Different market integration schemes and support mechanisms have been developed for increasing the injection of Electricity from Renewable Energy Sources (RES-E) in the grid and to restrict the costs induced by the variability and limited predictability of RES-E generation. In liberalized power markets, these costs occur as imbalance costs, which may be defined as a penalty for deviating from the submitted production and consumption plan [4]. In extreme cases, the unpredictable RES-E that are protected from the market effects by different financial incentives, like the tradable green certificates and the feed-in tariffs contribute to causing a negative market price [4,5,6]. Investment grants, RES-E quotas, feed-in-tariffs, green certificates, etc. also generate incentives to invest, which indirectly increase competition and improve technology leading to cost reductions and volume growth [7]. Eventually, the RES-E push the expensive systems like nuclear and gas fired power plants out of the market and lower the market price due to their negligible marginal costs. However, this increases price volatility on the market. Extremely high prices are caused when demand peaks as compared to the supply.

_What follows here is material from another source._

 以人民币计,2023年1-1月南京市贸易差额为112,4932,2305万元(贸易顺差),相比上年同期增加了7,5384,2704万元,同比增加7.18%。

Traditionally, established technologies of power production, e.g., coal-fired, gas-fired or nuclear power plants, were used to provide the needed ancillary services to the grid, maintaining a safe operation. However, since renewables have successfully entered the electricity market, the need for system security has increased. It is estimated that, for every 8 MW of wind power installed, a 1 MW of peaking plant is required [8], whereas, it is also estimated that most of the peaking gas units today operate at below 20% utilization rates [9]. Use of demand side response (DSR) as a grid balancing strategy is a recent phenomenon [10], but it shows promising potential, especially when coupled with increased wind power injection [11]. DSR is a set of measures that uses loads, local generation, and storage to support network operations and also to enhance the quality of power supply [12]. DSR has been proven to reduce the needed conventional generation capacity, to maximize the low carbon generation, to contribute to short-term system balancing and to defer the network reinforcements [13]. This article studies the effect of limited generational flexibility of the wind farms that receive a feed-in tariff for each kWh of renewable power they inject in the grid, against the reserves provided by the industries and other technologies as flexible demand.

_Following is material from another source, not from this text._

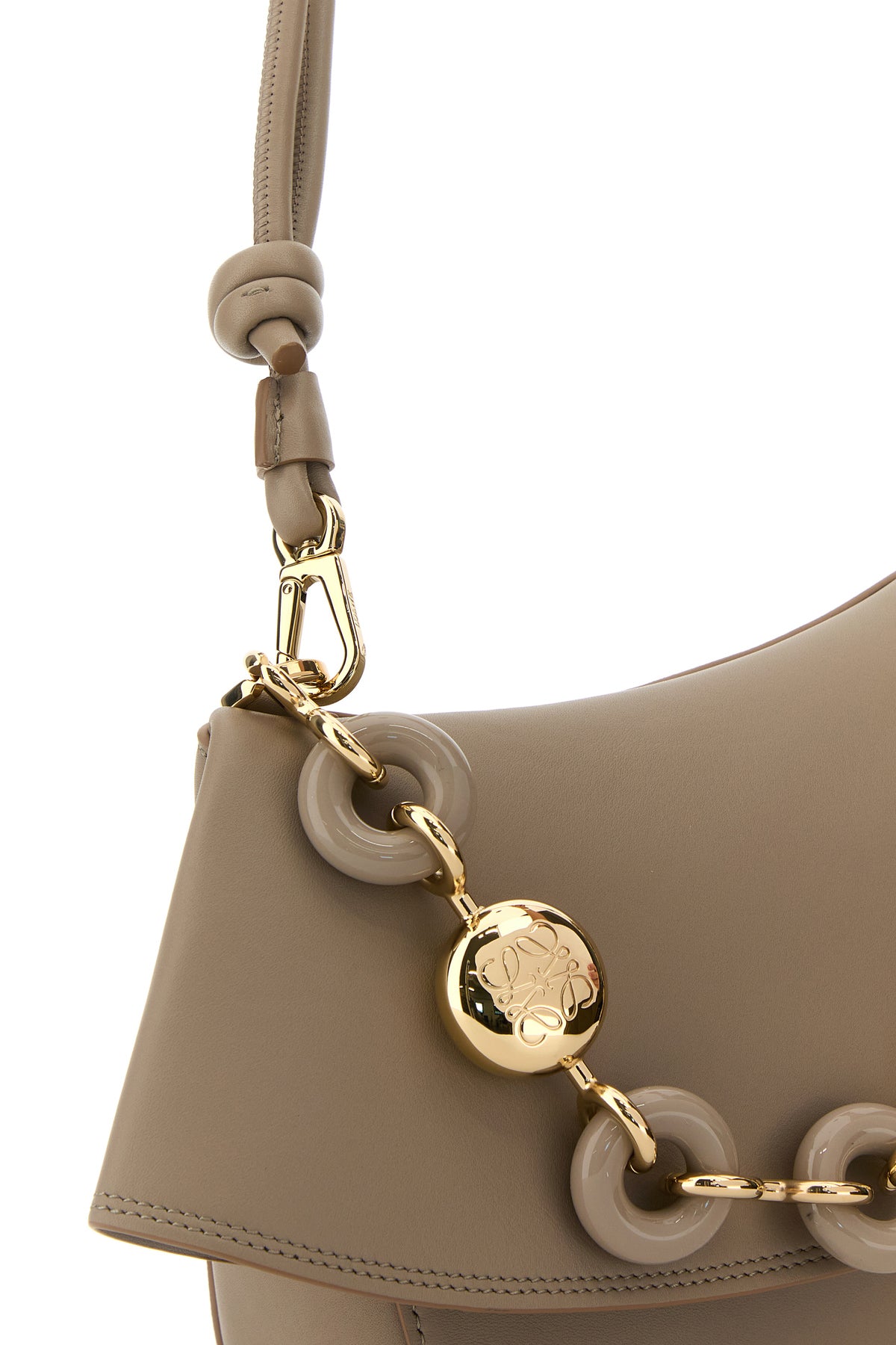 - Metal chain and acetate Donut handle with embossed Anagram motif

Electricity grid and markets are composed of multiple actors, who are engaged in consumption/production of electricity that fulfill their own needs and businesses. Their interactions via the market and the electricity grid results in impacting the consumption/production pattern of each other. Agent-based modelling allows to mimic the behavior of human beings and simulate production, consumption and bidding processes, in which participants are modeled as adaptive agents with different strategies [14]. Agent-Based Models (ABMs) have been used to model the diffusion of energy efficient technologies through the society by the interaction of different agents [15,16]. ABMs are used to explore possible states of a system to understand plausible futures, trends, tendencies, and behaviors that can occur under specific circumstances [17].

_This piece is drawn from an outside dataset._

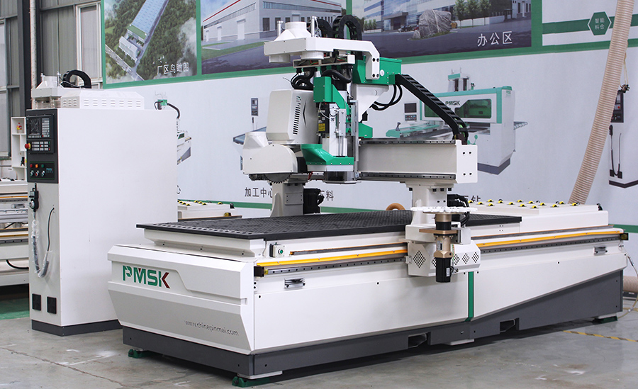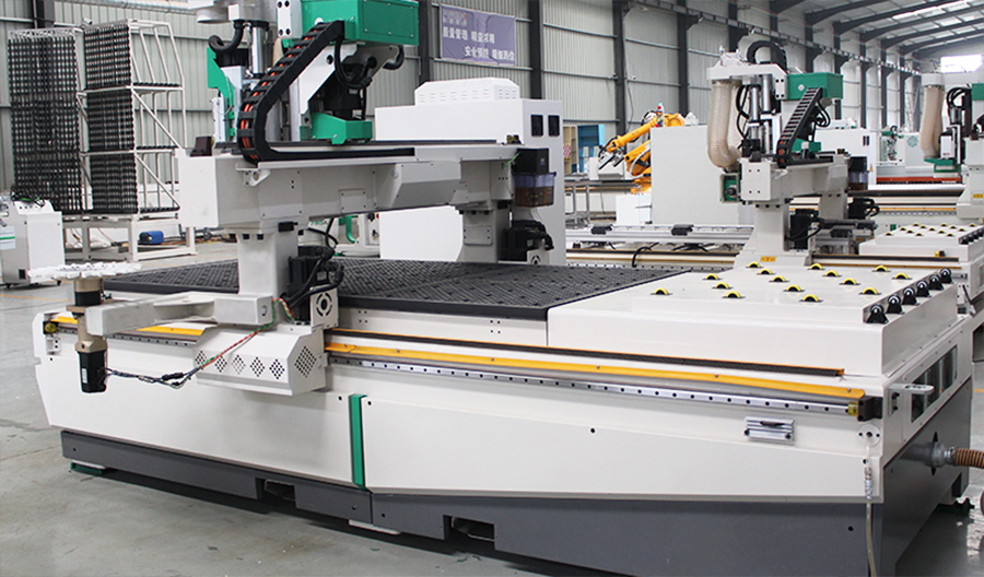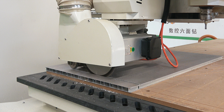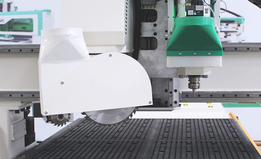 數控四邊鋸加工中心主要用于實木門規方,板式及實木家具生產,全鋁家具下料,非金屬材料的鉆孔、雕刻、切割等工序。機器配備的旋轉鋸可進行任意角度切割,配備的自動換刀主軸搭配大容量刀庫能夠進行雕刻、銑型、鉆孔、切割下料等。

Previous work on the use of ABMs for electricity grids, markets, and the injection of renewables have focused on the effect of prosumption and peer to peer supply and its effect on the grid management [18] and grid design strategies [19]. ABMs have also been used to predict price of energy trading in smart grids by the use of incomplete information by different agents to optimize their own utility [20]. Likewise, they have been employed as an e-laboratory to test different regulatory interventions before implementation [21]. Furthering the investigation on the profit RES-E producers, ABM has been used to study the optimum conditions for the wind power producers participating in a deregulated market with the inclusion of learning algorithms to optimize the bidding process [14]. Similarly, the technique has been employed to investigate the effect of storage possibilities in the form of electric vehicles on the profit of wind farms that engage in the electricity markets [22]. Based on the above-mentioned examples of application of ABMs for decision-making, technology diffusion, and market price calculation, the data for analysis were generated by an ABM that was developed specifically for this study.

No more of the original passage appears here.